In my opinion, the best practice is to create your own extractor. This can be done in the language of your choice, and you can extract it in CSV or JSON.
But if you are looking for a quick way and if your data is not huge and can fit on the same server, I recommend using mongoexport
. Suppose you have a simple document structure, such as below:
{ "_id" : "tdfMXH0En5of2rZXSQ2wpzVhZ", "statuses" : [ { "status" : "dc9e5511-466c-4146-888a-574918cc2534", "score" : 53.24388894 } ], "stored_at" : ISODate("2017-04-12T07:04:23.545Z") }
Then you need to define a BigQuery schema ( mongodb_schema.json
), for example:
$ cat > mongodb_schema.json <<EOF [ { "name":"_id", "type": "STRING" }, { "name":"stored_at", "type": "record", "fields": [ { "name":"date", "type": "STRING" } ]}, { "name":"statuses", "type": "record", "mode": "repeated", "fields": [ { "name":"status", "type": "STRING" }, { "name":"score", "type": "FLOAT" } ]} ] EOF
Now the fun part begins :-) Extracting data as JSON from your MongoDB. Suppose you have a cluster named replica statuses
, your db sample
, and your collection status
.
mongoexport \ --host statuses/db-01:27017,db-02:27017,db-03:27017 \ -vv \ --db "sample" \ --collection "status" \ --type "json" \ --limit 100000 \ --out ~/sample.json
As you can see above, I limit the output to 100 thousand records, because I recommend that you run the sample and load BigQuery before doing this for all your data.
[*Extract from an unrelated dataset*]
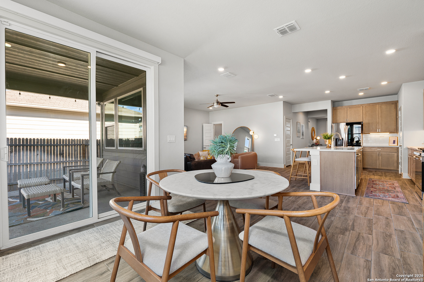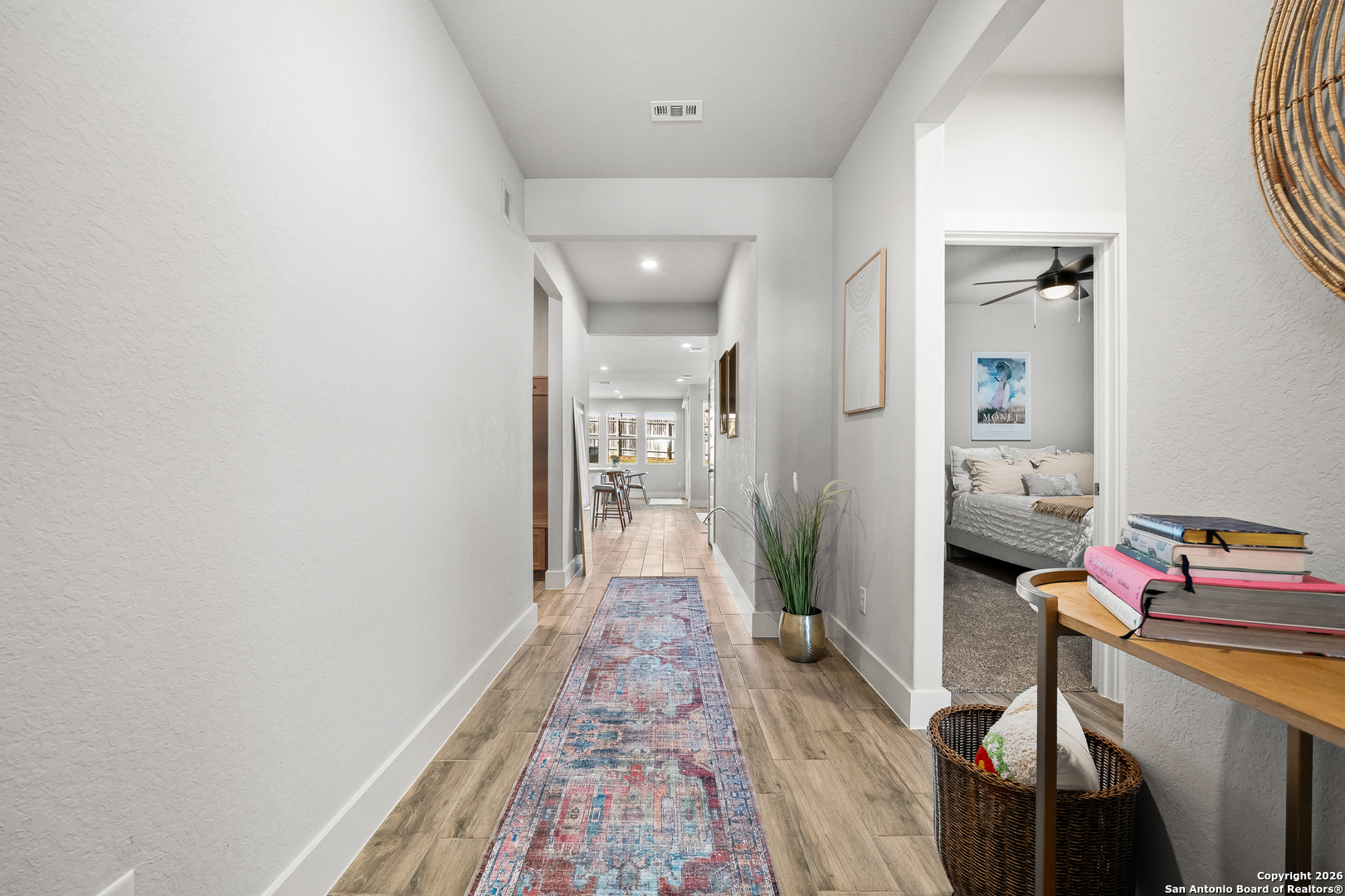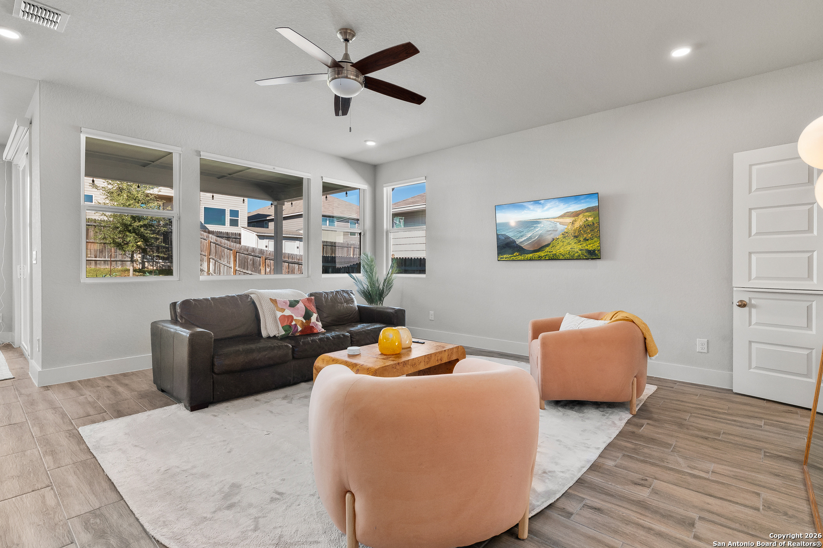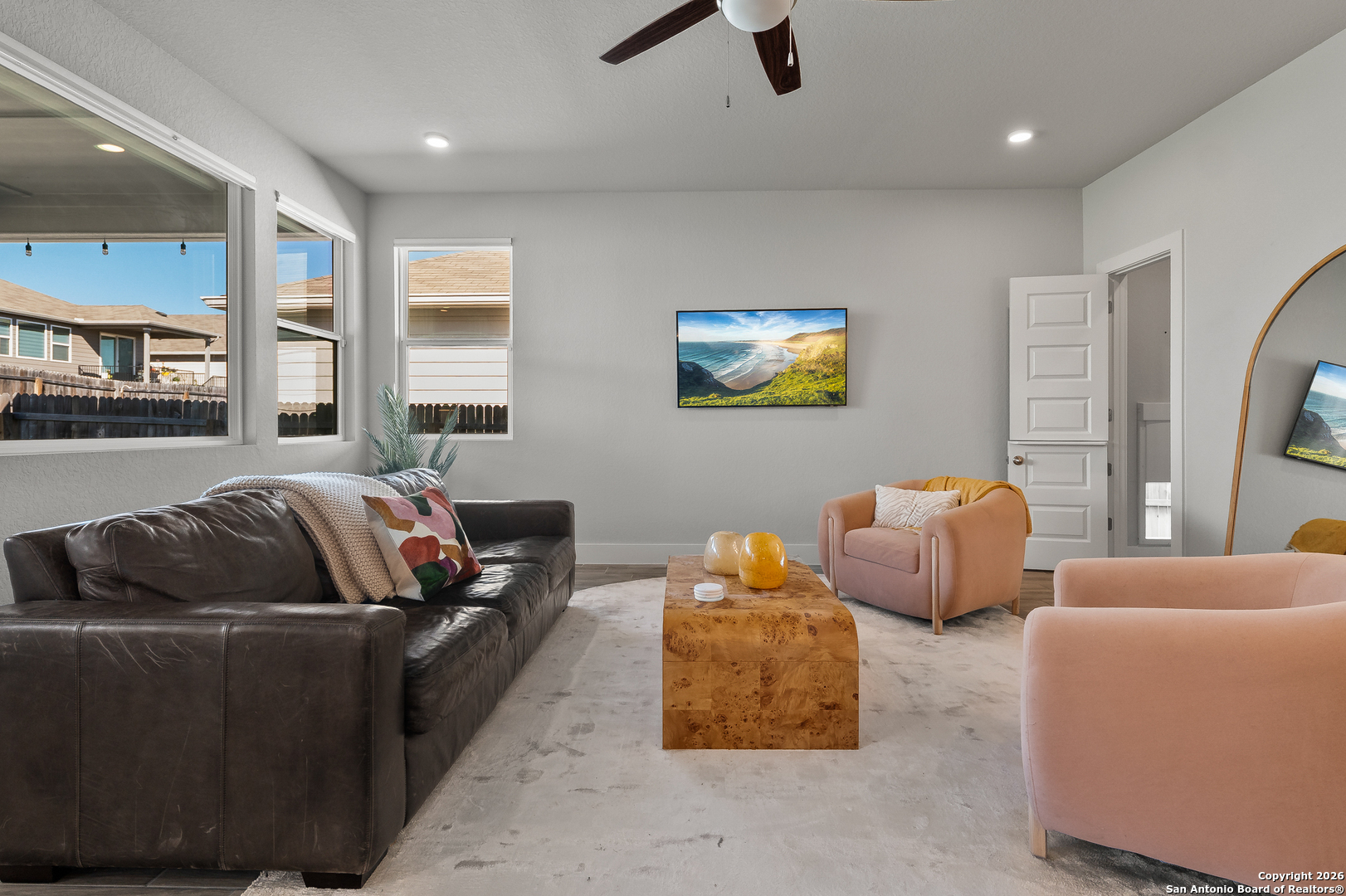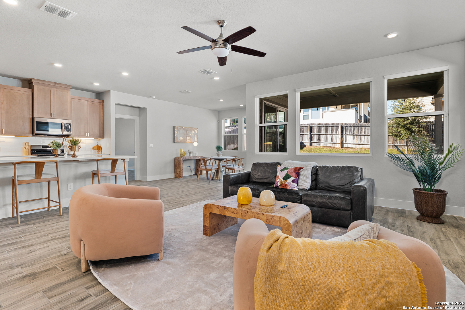 The smart home you've been waiting for is finally here. This lovely one-story smart home offers a spacious open floor plan with 3 bedrooms and 2 full bathrooms, designed for comfort, functionality, and modern living. Ceramic tile flooring flows throughout the main living areas and primary suite, with carpet in the secondary bedrooms. Thoughtful features include a dedicated pet room with a Dutch door and automatic pet entry, plus a convenient workbench located near the utility room. The innovative kitchen is the heart of the home, featuring Omega StoneTM quartz countertops, a decorative subway tile backsplash, 42-inch shaker-style upper cabinets, stainless steel appliances with gas cooking, a walk-in pantry, and recessed lighting. Refrigerator, washer, dryer, and water softener are all included. The separate dining area opens to a covered back patio, ideal for entertaining or relaxing outdoors. The living area and all bedrooms are equipped with honeycomb cordless shades, and electric blinds have been added for extra convenience. The spacious primary suite features a well-appointed bathroom with quartz countertops, a standalone shower with ceramic tile surround, and a large walk-in closet with ample shelving. Additional highlights include new landscaping throughout the property, a fully insulated two-car garage with epoxy-coated flooring and Hyloft overhead storage, a Pentair SensaPro water treatment system, an Amazon package drop location at the entrance, and a wall-mounted heat pump system with advanced air filtration. Practically new and meticulously maintained, this home offers an impressive list of smart and functional upgrades. Schedule your private tour today and experience everything this exceptional home has to offer. Be sure to review the flyer in the documents for a complete list of features.
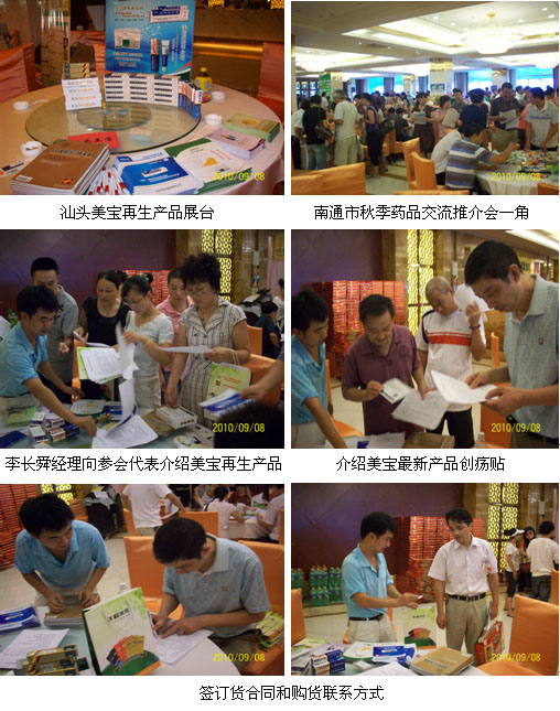2010年9月8日,南通市秋季药品展销交流推介会在南通市水天堂大酒店拉开了帷幕,参加本次会议的厂家及药业公司有200余家,其中汕头美宝制药有限公司住南通市办事处工作人员也参加了本次推介会,在会议结束前,订货美宝湿润烧伤膏2件、20g曲咪新5件、创疡贴50贴。药品展销交流推介会期间,汕头美宝制药有限公司李长舜经理和专家组杜福勤主任深入展台前与客户代表亲切交谈,详细地介绍人体再生复原科学、再生医疗技术系列产品、临床满意疗效等,倾听客户代表的意见与建议,商谈进一步合作事宜,并协调解决客户的困难与终端关系。会议超过预期效果,取得圆满成功。

After executing on the command, you should have your sample data in sample.json
, but there is a $date
field that will lead to loading the error in BigQuery. To fix this, we can use sed
to replace them with a simple field name:
# Fix Date field to make it compatible with BQ sed -i 's/"\$date"/"date"/g' sample.json
Now you can compress, upload to Google Cloud Storage (GCS), and then upload to BigQuery using the following commands:
# Compress for faster load gzip sample.json
If everything is ok, go back and remove the --limit 100000
command from mongoexport
and run the commands above again to load everything instead of the 100k sample.
ALTERNATIVE DECISION:
If you want more flexibility and performance, this is not your problem, you can use the mongo
CLI tool. That way, you can write your extraction logic in JavaScript and execute it against your data, and then send the output to BigQuery. Here is what I did for the same process, but used JavaScript to output to CSV, so I can load it a lot easier in BigQuery:
# Export Logic in JavaScript cat > export-csv.js <<EOF var size = 100000; var maxCount = 1; for (x = 0; x < maxCount; x = x + 1) { var recToSkip = x * size; db.entities.find().skip(recToSkip).limit(size).forEach(function(record) { var row = record._id + "," + record.stored_at.toISOString();; record.statuses.forEach(function (l) { print(row + "," + l.status + "," + l.score) }); }); } EOF
TIP: In the above script, I did a little trick by outputting a pipeline to split the output in multiple files with the prefix sample_
. Also during the split, GZip outputs so that you can load GCS more easily.